Faire face aux pertes

Les agriculteurs pourront s’engager volontairement sur 5 ans à introduire des pratiques favorables à l’environnement. La rémunération compensera les coûts additionnels et les pertes de revenus liés à ces pratiques. Ces MAEC reposeront sur un cadre national avec des déclinaisons régionales. En Lorraine, il reste à définir l’IFT, les financeurs ainsi que le zonage (non demandé par la région). Les éleveurs ovins pourraient être intéressés par la MAEC polyculture élevage, zone intermédiaire et système herbagers et pastoraux. Pour ce qui est de l’aide ovine, les éleveurs présents ont insisté sur le problème du ratio de productivité de 0,8 à atteindre pour obtenir les 6 € de majoration. Chez certains, l’accroissement de troupe, le décalage des ventes ou encore la prédation fausse le ratio. Daniel Dellenbach, administrateur régional à la FNO, a précisé que « la prédation et les problèmes sanitaires feront partie des cas de force majeure ! »

 

Redynamiser l’appui technique

Un tour de table a été fait entre les départements présents à cette réunion. Globalement, les Chambres d’agriculture et les organisations de producteurs se partagent l’appui technique en élevage ovin.
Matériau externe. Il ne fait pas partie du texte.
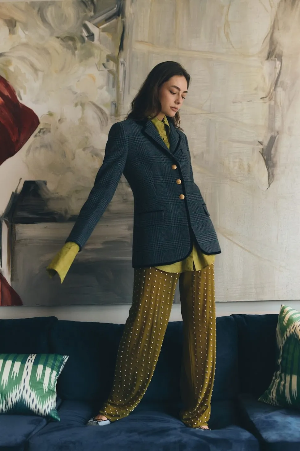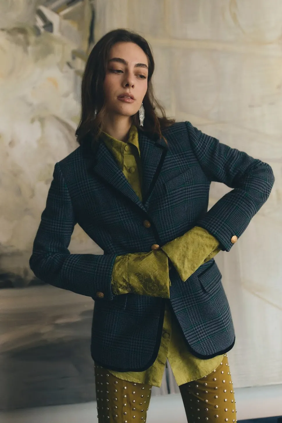 Looking to their Peruvian and Bavarian heritage, lifelong friends Sabrina Burda and Noelle Pallais were inspired to create Sanoë by rummaging through their grandmothers’ closets. With an eye on slow fashion and the other on contemporary style, the NYC-based brand designs their jackets—based on alpine peasant “trachen jacken”—to stand the test of time in small batches using ethically sourced fabrics. The Victoria Dorset Jacket in Plaid is classic and confident. Wrapped in timeless checker, it evokes the charm of the English countryside.
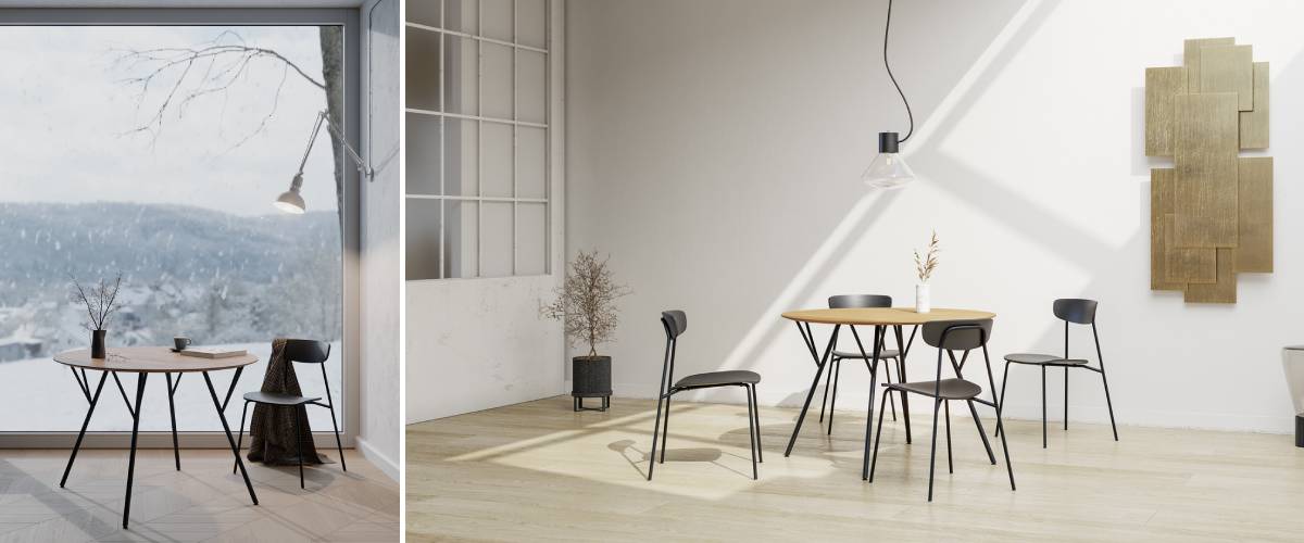 Theminimalist TRIVI dining table is a wonderfully versatile modern model that fits in perfectly with current trends. It interprets the classic timeless morphology using premium materials and in top quality workmanship. The slender structure in lacquered metal looks very airy and elegant. It is available in white, black and bronze. The round table top can be selected in natural oak plywood or white laminate. The lightweight TRIVI table is the perfect choice for home and commercial interiors of cafes and restaurants. We recommend complementing the table with chairs from the same collection.
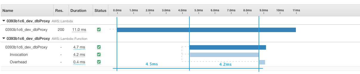 But after that, there is no initialization step we’ve seen in the previous diagram. We’ve immediately jumped to the invocation, which this time lasted for 4.2ms, which is the actual database query execution. Finally, with the overhead, we are looking at a total of 11ms.
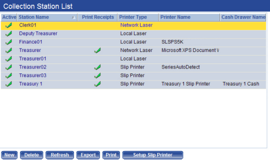 The Collection Station List page allows authorized users to view a list of collection stations. Collection Stations are devices in your organization that are used to record revenues collected. These stations can be set up to include a receipt printer and a cash drawer.
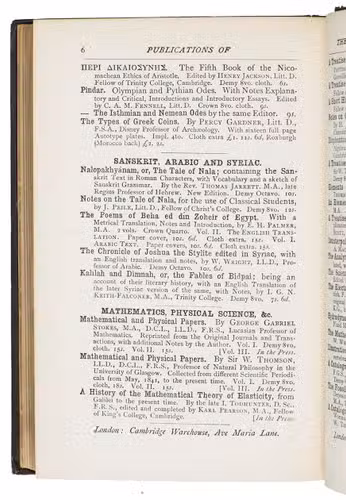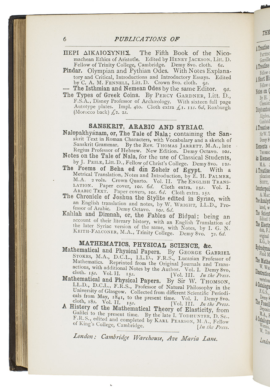 Cambridge, C.J. Clay and son, Cambridge University Press Warehouse, 1885. 8vo. Contemporary brown cloth, lettering in gold on the spine. xiv, 322, [2], 16 pp.
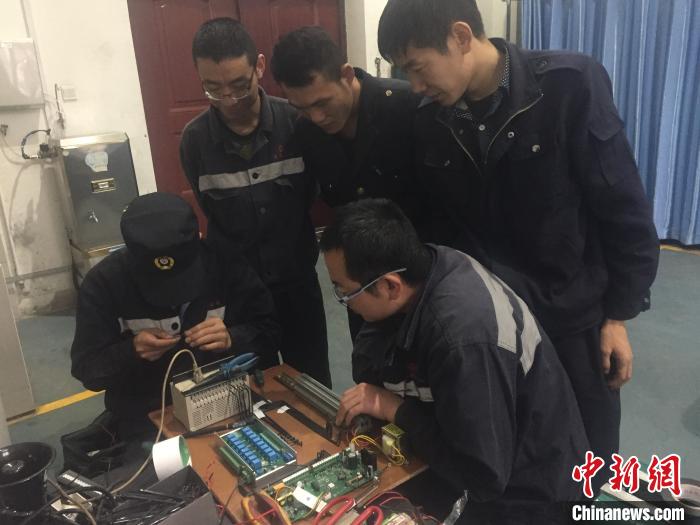 圖為黨磊在研判車(chē)輛故障。 蔡建庭 攝

Il faut savoir qu’en Lorraine, un tiers des éleveurs font l’accompagnement, deux tiers des brebis sont suivis, ce qui représente 20 % du suivi pour la Chambre et 80 % pour les OPC. Les outils techniques ne sont pas toujours adaptés pour réaliser l’appui. Sur le terrain, il y a des réelles difficultés pour développer ce service. Le coût de l’appui technique freine certains éleveurs. Les éleveurs réalisent un appui individuel et un collectif. Seul un passage régulier du technicien sur l’exploitation permet d’être performant et complet. Les éleveurs souhaitent que les résultats soient communiqués instantanément car beaucoup les ont souvent trop tard. Afin de relancer ce dispositif, les éleveurs proposent de financer l’appui technique aux nouveaux installés…

 


Bilan de la prédation en 2014

29 départements touchés en 2014 soit plus de 1 000 éleveurs. 15 loups prélevés sur les 24, 416 tirs de défenses simples délivrés, 50 tirs de défenses renforcés (plusieurs tireurs) et 41 tirs de prélèvement. Pour l’année passée, on compte 9 033 victimes et 2 515 attaques. Afin de faire avancer les choses, la FNO avait organisé au mois de novembre une manifestation en régions et à Paris. Les ministres doivent se réunir prochainement afin d’harmoniser l’application du plan loup et améliorer son efficacité. La FNO a également créé un site dédié au loup.